You wouldn't embed your deployment pipeline inside your application code. Don't embed your workflow orchestration inside your AI tool.
Practical Patterns
Once we stopped fighting the architecture, the solution was simple. Almost embarrassingly so.
The Manual Pattern
Start here. No automation. Just commands in a terminal:
# 1. Create a branch linked to the issue
gh issue develop 42
# 2. Create a worktree
git worktree add ../issue-42 42-fix-the-thing
# 3. Launch Claude in the worktree and start work
cd ../issue-42 && claude "Work on issue 42"
Three commands. No framework. No skill definition. No permission headaches. Claude starts in the worktree directory, sees only that branch's files, and does the work. You open another terminal tab and do it again for the next issue.
This pattern works today. It worked six months ago. It will work six months from now.
Shell Script Wrapper
Once the manual pattern is second nature, wrap steps 1-3. Something like this — your mileage will vary depending on your gh version and shell environment, so treat it as a starting point, not a copy-paste solution:
#!/usr/bin/env bash
# work-on: create a worktree for an issue and launch Claude in it
# NOTE: The gh output parsing below is illustrative.
# Adjust the grep/cut pattern to match your version of gh.
ISSUE=$1
[ -z "$ISSUE" ] && echo "Usage: work-on <issue-number>" && exit 1
# This parsing will likely need adjustment for your gh version
BRANCH=$(gh issue develop "$ISSUE" 2>&1 | grep -oE 'branch [^ ]+' | cut -d' ' -f2)
WORKTREE="../issue-${ISSUE}"
git worktree add "$WORKTREE" "$BRANCH"
cd "$WORKTREE" && claude
Save it. chmod +x. Now it's ./work-on 42. Still simple. Still yours to maintain. No magic.
Multiple Terminal Sessions
The simplest parallel pattern. Open three terminal tabs. Run work-on 42 in one, work-on 43 in another, work-on 44 in the third. You orchestrate by switching tabs. Claude works.
This sounds unsophisticated. It is. That's the point. Sophistication that doesn't serve the work is overhead.
Makefile / Justfile Recipes
For teams that want a project scoped vocabulary/call method:
work-on:
@./scripts/work-on $(ISSUE)
make work-on ISSUE=42. Everyone on the team uses the same entry point. The implementation stays in one script you can update without retraining anyone.
Claude's Built-in EnterWorktree
Anthropic now ships an EnterWorktree tool that creates an isolated worktree and launches a subagent inside it.
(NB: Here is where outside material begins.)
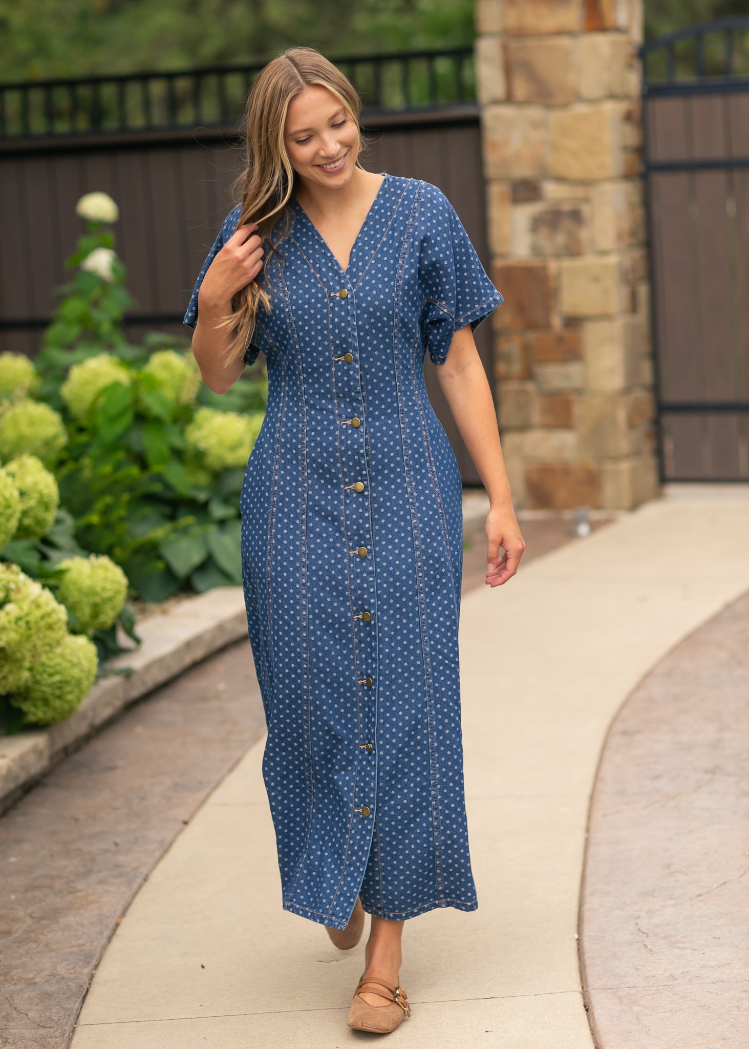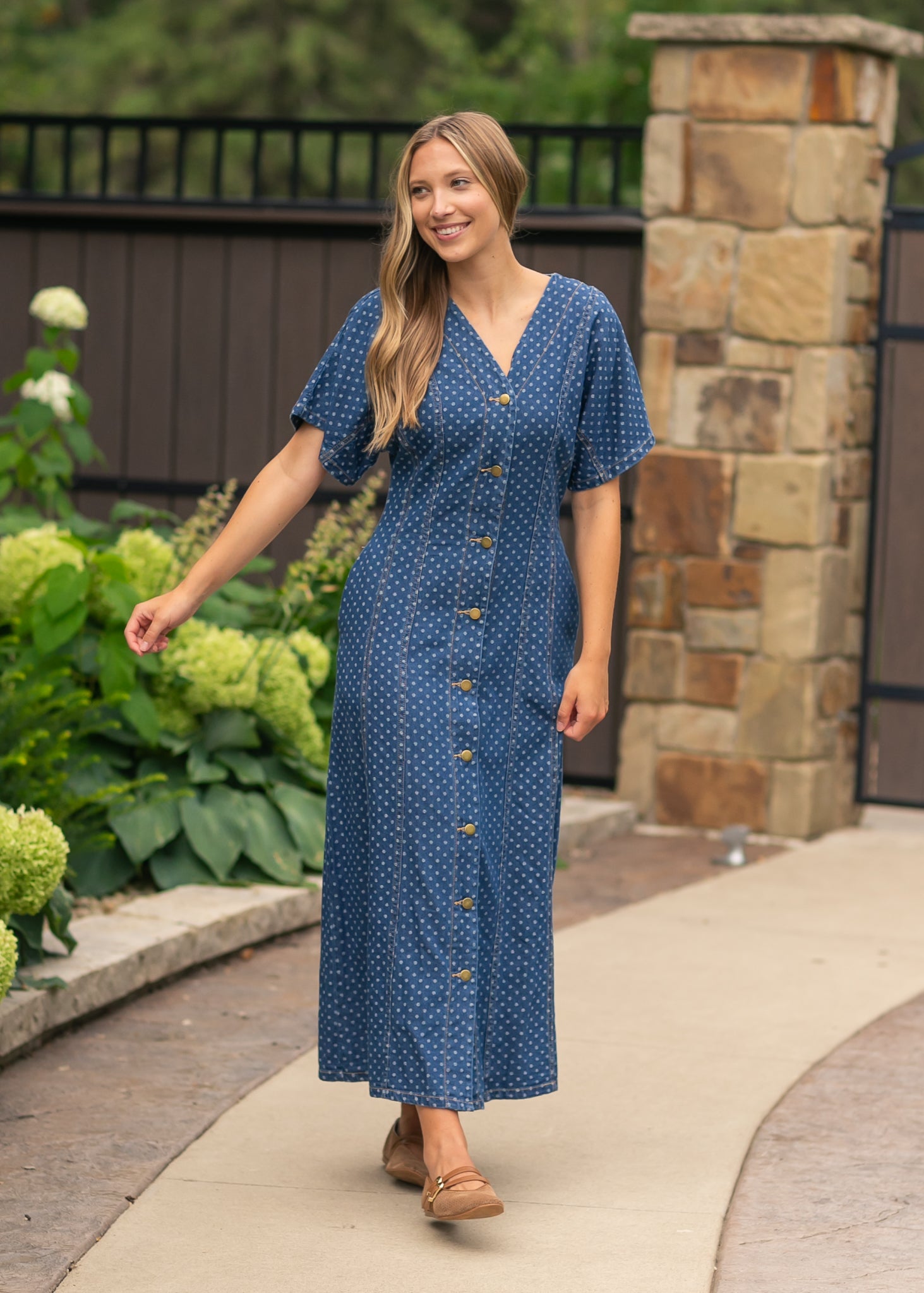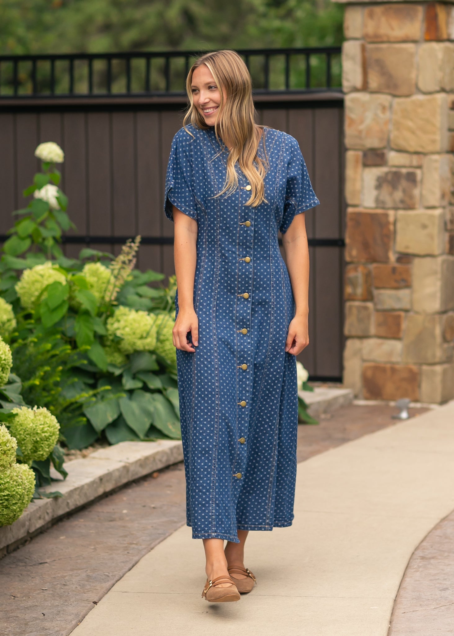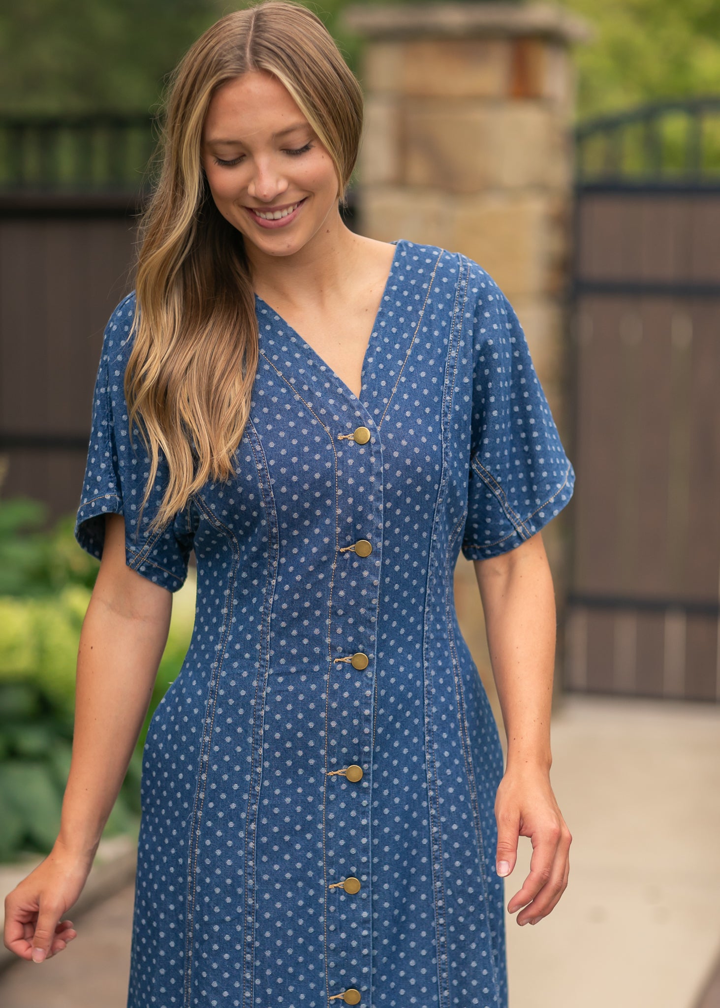 With a soft vintage wash and dainty polka dot print, this denim dress brings timeless femininity to your every day. The full button-down front and v-neckline offer sweet structure while short sleeves and a flowy silhouette keep it easy and breathable. Complete with side pockets and thoughtful seaming, it’s the dress that makes you feel at home wherever you wander.

It solves the core constraint — getting a Claude session rooted in a worktree directory — without leaving the current session. For quick, one-off parallel tasks it works well.
But it's still orchestration happening inside the agent. For anything beyond a single worktree, you end up managing the same complexity we ran into — just from a different entry point. We prefer owning the boundary in the shell, where we can see all the moving pieces at once. Your team may find the built-in tool fits their workflow better. The principle matters more than the implementation: know where the boundary is, and keep it clean.
The Orchestration Boundary
Here's the picture:
Your shell owns: branch creation, worktree setup, launching Claude sessions, switching between them, reviewing results, merging, cleanup.
Claude owns: reading code, understanding the problem, making changes, running builds, reasoning about architecture, writing tests.
The boundary is clean. Everything above it is workflow. Everything below it is work. Don't mix them.
What We Learned
We stopped using flow-startup and started orchestrating these simple steps outside of Claude.
We try to avoid new-and-shiney at BSF5Y, but we have to admit; this one caught us. We were too
quick try and put standard solutions into a new technology.
The broader lesson applies well beyond worktrees. When a tool resists an abstraction, that resistance is information. It's telling you where the boundary is. Understand that boundary before you automate across it. Sophistication that doesn't serve the work is overhead.
Don't make the AI own the workflow harness. Let it own the work.